I know there is a lot of questions, I am just putting it out there because I am sick and tired of motherly women controlling the special education hackerama and not only screwing up these vulnerable citizens; but not only that to ask Uncle Sam to pick up the tab for unnecessary pain and trauma and leaving the adult services programs to reprogram these people of how the “real world” doesn’t work like how Room 112 was teaching for most of their high school years (and I am including the younger ed classes as well.)

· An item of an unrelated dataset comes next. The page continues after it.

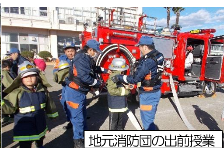
地元消防団の出前授業

The best way to socially network…

is to click on log out
 
This screengrab of the logout link on Facebook was taken a few years ago (I thought I had one with the cursor pointing to it) after noticing my alleged “friends” really wasn’t paying attention to me but their other “friends”. They could’ve cared less about my stuff I put up and engaging more but I ether wasn’t good enough or I might not have the best packet-based presence as opposed to the offline presence.

Networking

A definition from a dictionary website defines networking as: “a supportive system of sharing information and services among individuals and groups having a common interest”
So how is someone with such small network supposed to “network”? And how is he supposed to meet new people, especially if he doesn’t want to be in his peer groups? And where in the hell is he suppose to start, since he keeps hearing the “can’t dos” over the “CAN dos”
Hell, let me be so old fashioned: giving a business card to some stranger in hopes to ether “network” or strike up an offsite conversation is almost the same cause-and-effect as befriending a stranger on Facebook. How can someone get ahead in life if he keeps getting road blocks?
Oh then just get a job.
Sure, yeah I could get a job through a work program, but even that where do I draw the line of when to or when or not to network. How am I supposed to engage in a conversation with a common interest?
There are so many “social” road blocks for someone like me to try to get his social life better, but because I can come off as awkward and I was “labeled” as someone with social skills issues, this vicious circle keeps going round and around because I have to question every thing like “is this someone that I know close?” “Should I give my card to them?” “How well did I know this kid in school”, etc., etc. and etc.
This blog exists because a few little social quirks have caused someone like me to become a huge iceberg for the wrong reasons.